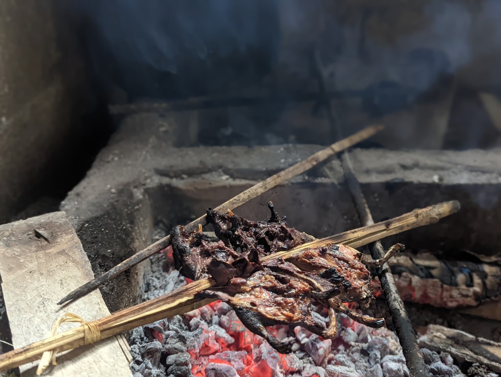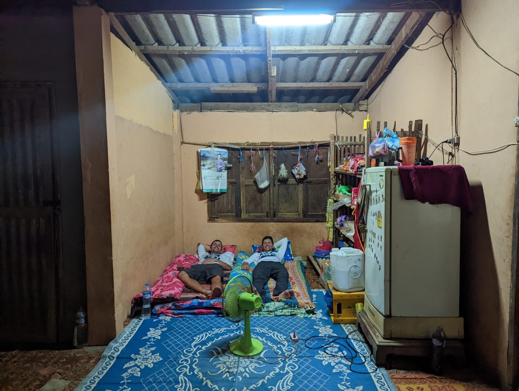 Das zweite Dorf war schon weiter entwickelt als das erste. Wir schliefen diesmal auch in einem gemauerten Haus. Der Glaube der Menschen dort sagt, dass es Unheil bringt wenn ein Besucher-Pärchen in einem Raum schläft. Deshalb mussten wir uns trennen – ich bekam ein Einzelzimmer und René und Mike schliefen gemeinsam im Vorhaus mit und neben einigen Ratten. Im Nachhinein war ich froh ein Einzelzimmer bekommen zu haben. Die Kinder in diesem Dorf waren nicht so lieb, wir blieben deshalb mehr bei der Familie. Das Abendessen war sehr lecker und zum Frühstück bekamen wir eine gegrillte Ratte – das hatten wir noch nie zuvor probiert und schmeckte unerwartet ziemlich lecker. Der Aufenthalt in diesem Dorf war sehr angenehm und entspannt.
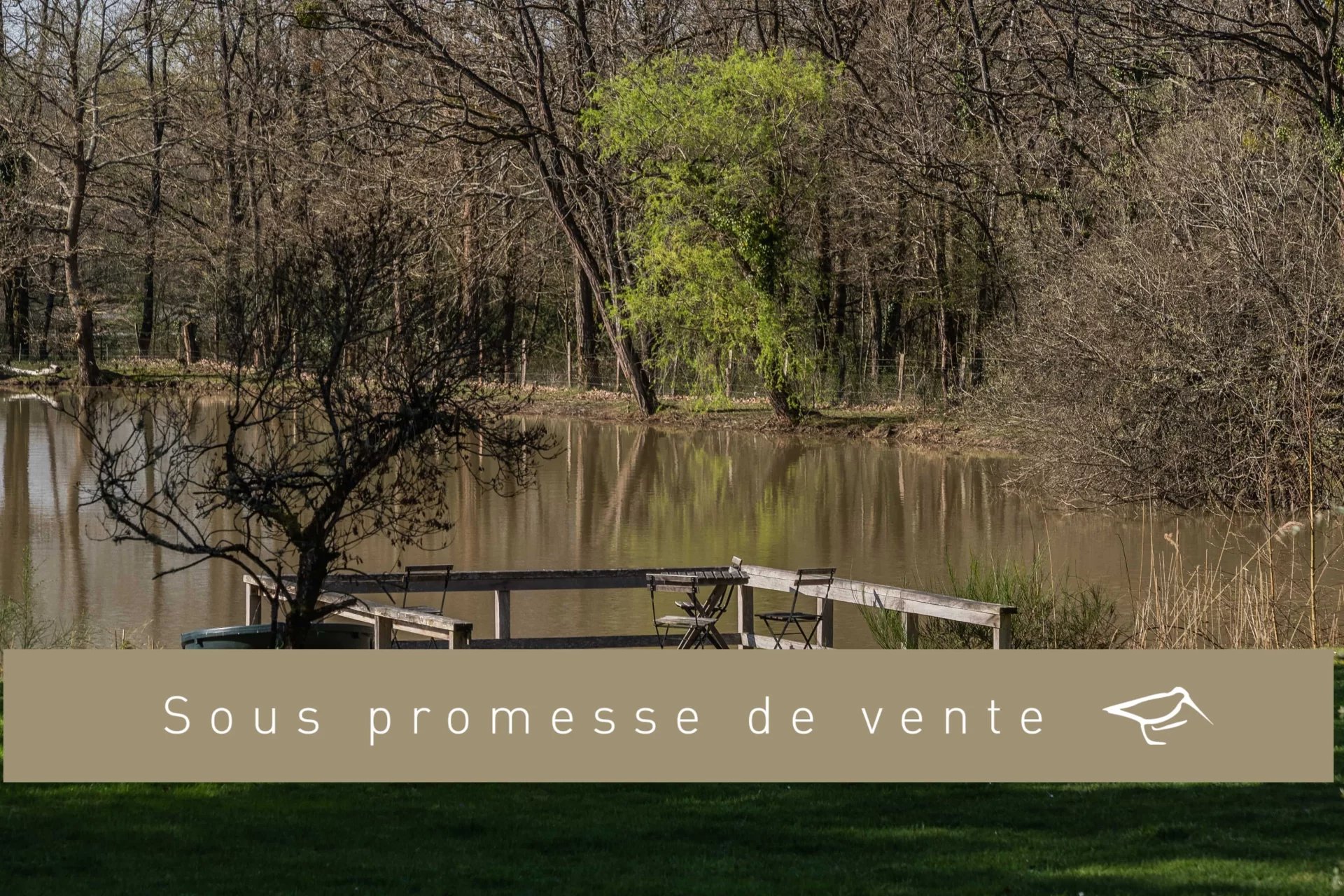Terrasse exposée Sud avec une vue dégagée sur l’étang et son ponton.
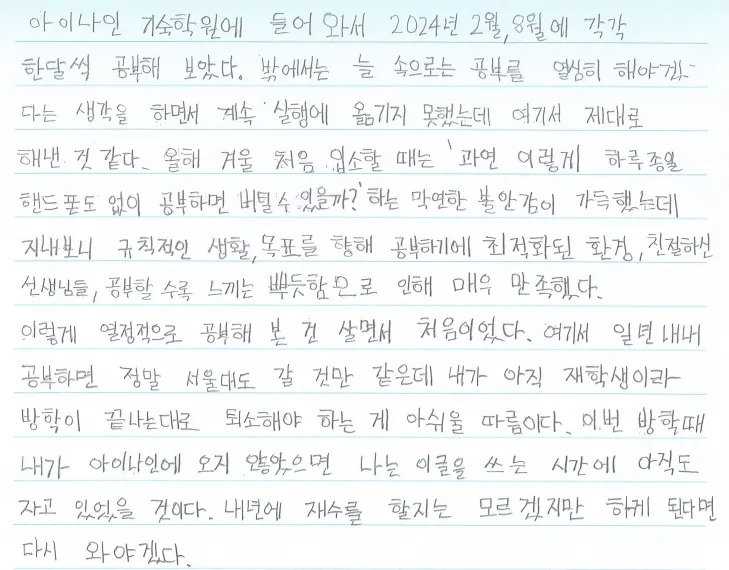 후딱 지나가는 방학, 기숙 학원에서 알차게 보내자.
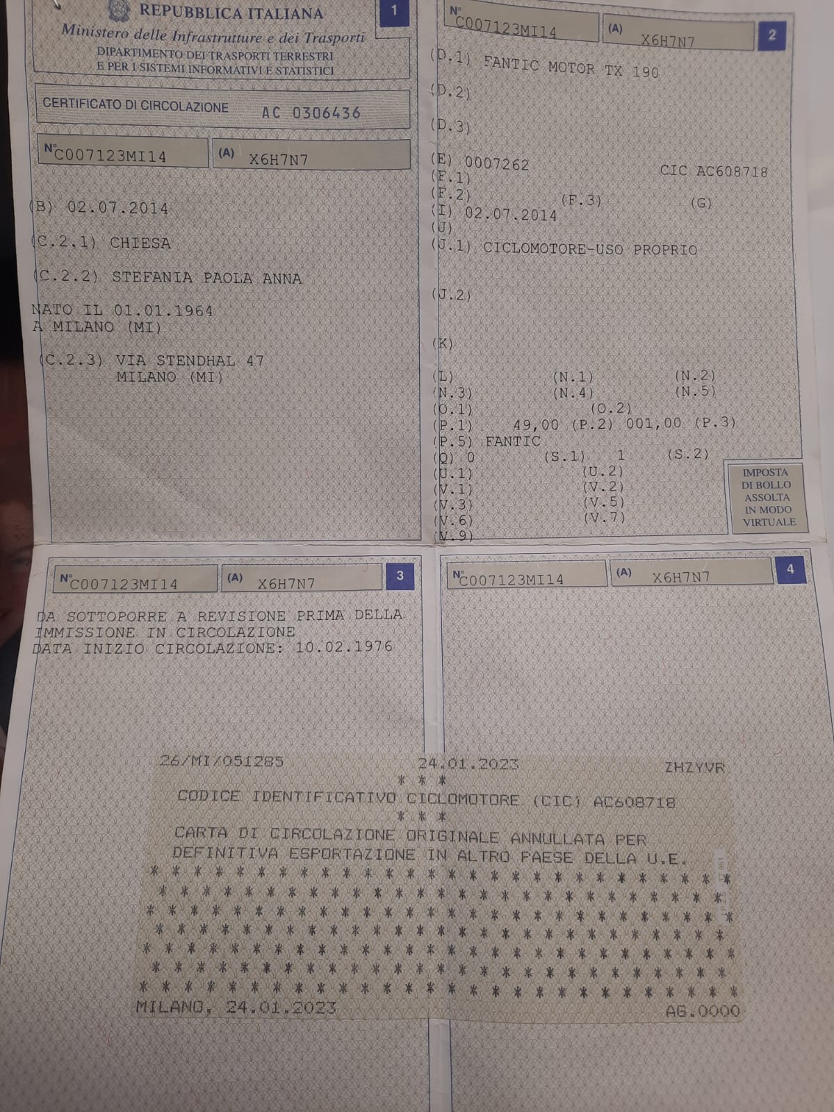 Da hast du eine TX 190, wie auf dem Rahmen zu erkennen. Baujahr müsstest du ja in den italienischen Papieren stehen haben. Sollte so 1976 sein,
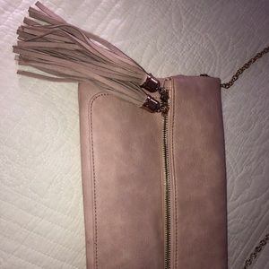 GENTLY WORN. Fits a lot of stuff. Zipper pocket and inside and outside pockets. Removable Gold chain with large tassels. No signs of wear. Very soft leather. Cross body length hits at waist.
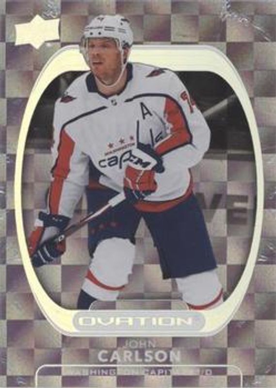 The John Carlson 2021 Upper Deck Ovation #48 Checkerboard card is 1 of 13 John Carlson's card variations in the 2021 Upper Deck Ovation set being tracked by Sports Card Investor, including Base, Gold Circular Wonder, Gold Foil, Silver Foil, and Standing Ovation /500.
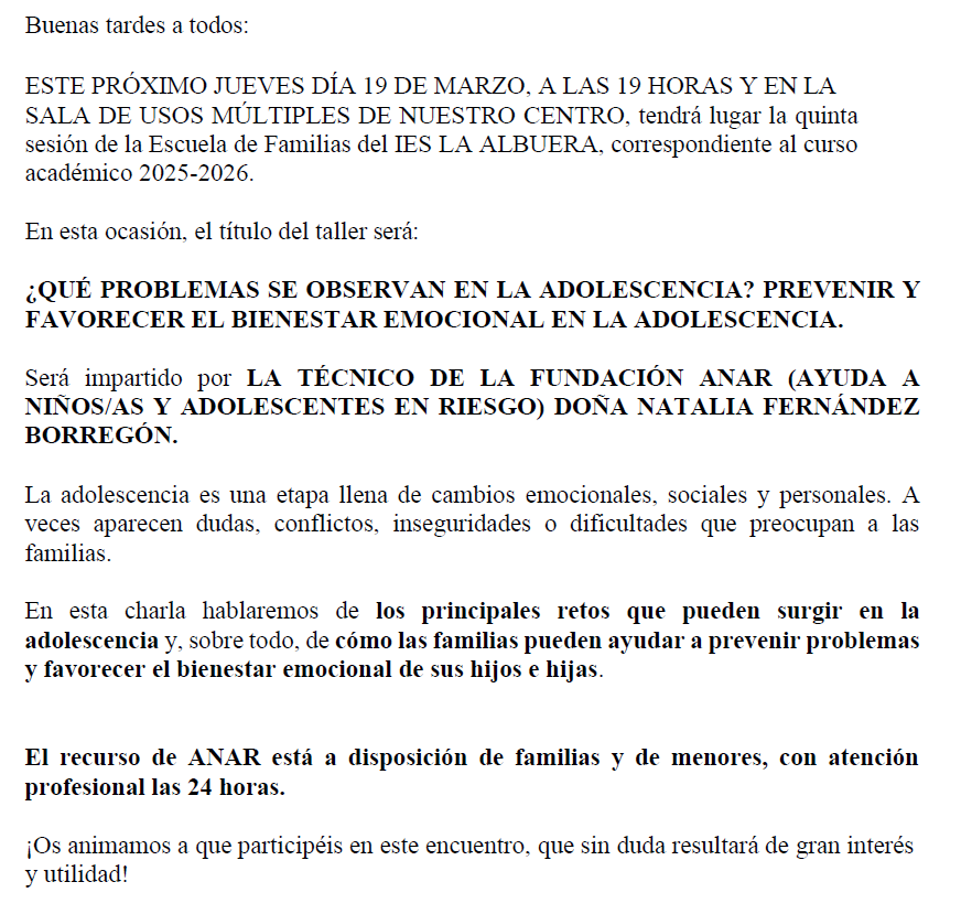 El jueves 18 de diciembre dió comienzo una nueva edición de la Escuela de Familias del IES La Albuera que este año celebra su quinto curso de funcionamiento. Este proyecto de coaprendizaje entre el equipo docente y las familias, a través del AMPA, tiene como objetivo estrechar la colaboración para favorecer el aprendizaje y el bienestar de nuestros hijos y alumnos.
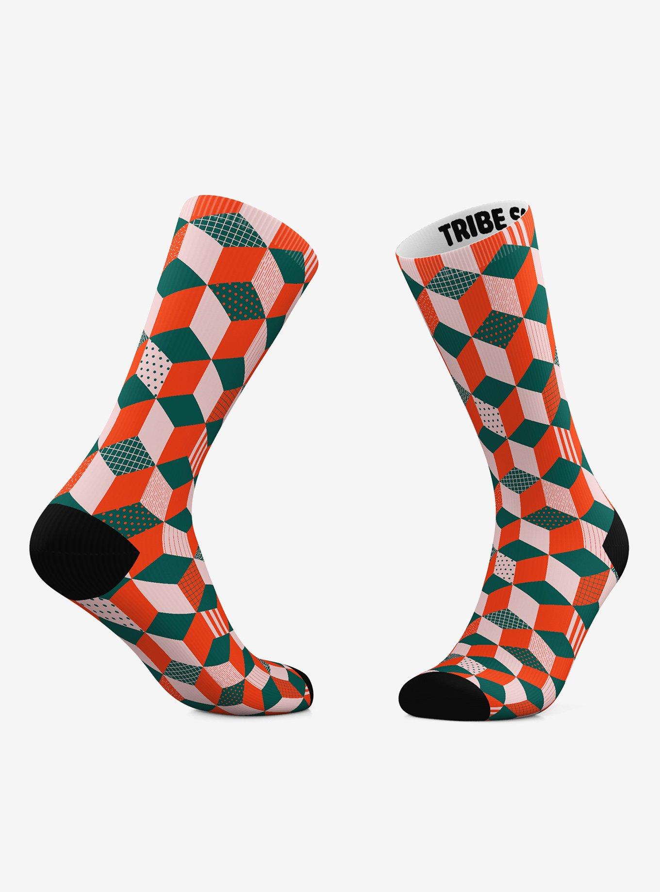 Geometric Holiday Socks And Geometric Yellow Stairway Crew Socks 2 Pair
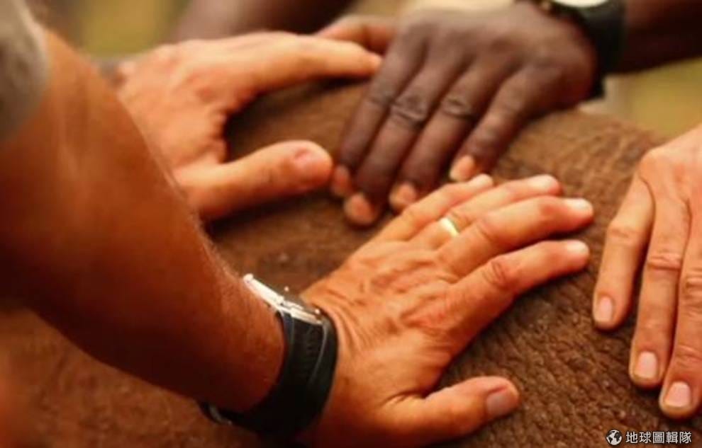 和盜獵者的手不同,這些工作人員們將手搭在犀牛身上是為了讓牠們到安全的家園生活。 影片截圖
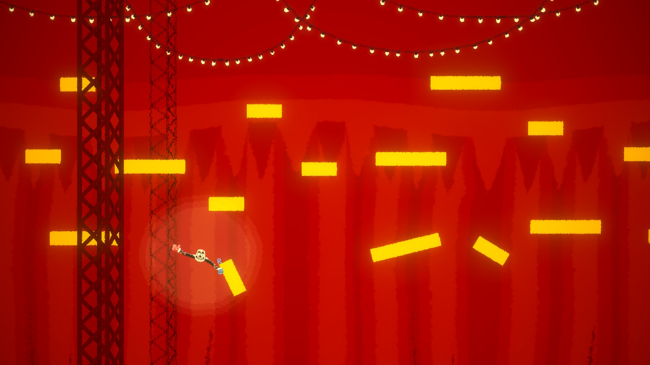 Pour atteindre le drapeau, il faudra utiliser tous les éléments qui s’offrent à vous. Les bras des amis s’ils sont coopératifs, les plateformes pas toujours immobiles, ou encore les cordes pour se balancer à plus longue distance. Mais attention aux pièges. Le vide n’est pas votre seul ennemi, des pics parfois vicieux vous attendent dans certains recoins, et d’autres ajouts des développeurs dont je ne parlerai pas ici pour garder un peu de surprise vous donneront du fil à retordre !
-=-=-=-=-
The required output is each record above, reproduced exactly, without its pictures.

 Das zweite Dorf war schon weiter entwickelt als das erste. Wir schliefen diesmal auch in einem gemauerten Haus. Der Glaube der Menschen dort sagt, dass es Unheil bringt wenn ein Besucher-Pärchen in einem Raum schläft. Deshalb mussten wir uns trennen – ich bekam ein Einzelzimmer und René und Mike schliefen gemeinsam im Vorhaus mit und neben einigen Ratten. Im Nachhinein war ich froh ein Einzelzimmer bekommen zu haben. Die Kinder in diesem Dorf waren nicht so lieb, wir blieben deshalb mehr bei der Familie. Das Abendessen war sehr lecker und zum Frühstück bekamen wir eine gegrillte Ratte – das hatten wir noch nie zuvor probiert und schmeckte unerwartet ziemlich lecker. Der Aufenthalt in diesem Dorf war sehr angenehm und entspannt.
Terrasse exposée Sud avec une vue dégagée sur l’étang et son ponton.
 후딱 지나가는 방학, 기숙 학원에서 알차게 보내자.
 Da hast du eine TX 190, wie auf dem Rahmen zu erkennen. Baujahr müsstest du ja in den italienischen Papieren stehen haben. Sollte so 1976 sein,
 GENTLY WORN. Fits a lot of stuff. Zipper pocket and inside and outside pockets. Removable Gold chain with large tassels. No signs of wear. Very soft leather. Cross body length hits at waist.
 The John Carlson 2021 Upper Deck Ovation #48 Checkerboard card is 1 of 13 John Carlson's card variations in the 2021 Upper Deck Ovation set being tracked by Sports Card Investor, including Base, Gold Circular Wonder, Gold Foil, Silver Foil, and Standing Ovation /500.
 El jueves 18 de diciembre dió comienzo una nueva edición de la Escuela de Familias del IES La Albuera que este año celebra su quinto curso de funcionamiento. Este proyecto de coaprendizaje entre el equipo docente y las familias, a través del AMPA, tiene como objetivo estrechar la colaboración para favorecer el aprendizaje y el bienestar de nuestros hijos y alumnos.
 Geometric Holiday Socks And Geometric Yellow Stairway Crew Socks 2 Pair
 和盜獵者的手不同,這些工作人員們將手搭在犀牛身上是為了讓牠們到安全的家園生活。 影片截圖
 Pour atteindre le drapeau, il faudra utiliser tous les éléments qui s’offrent à vous. Les bras des amis s’ils sont coopératifs, les plateformes pas toujours immobiles, ou encore les cordes pour se balancer à plus longue distance. Mais attention aux pièges. Le vide n’est pas votre seul ennemi, des pics parfois vicieux vous attendent dans certains recoins, et d’autres ajouts des développeurs dont je ne parlerai pas ici pour garder un peu de surprise vous donneront du fil à retordre !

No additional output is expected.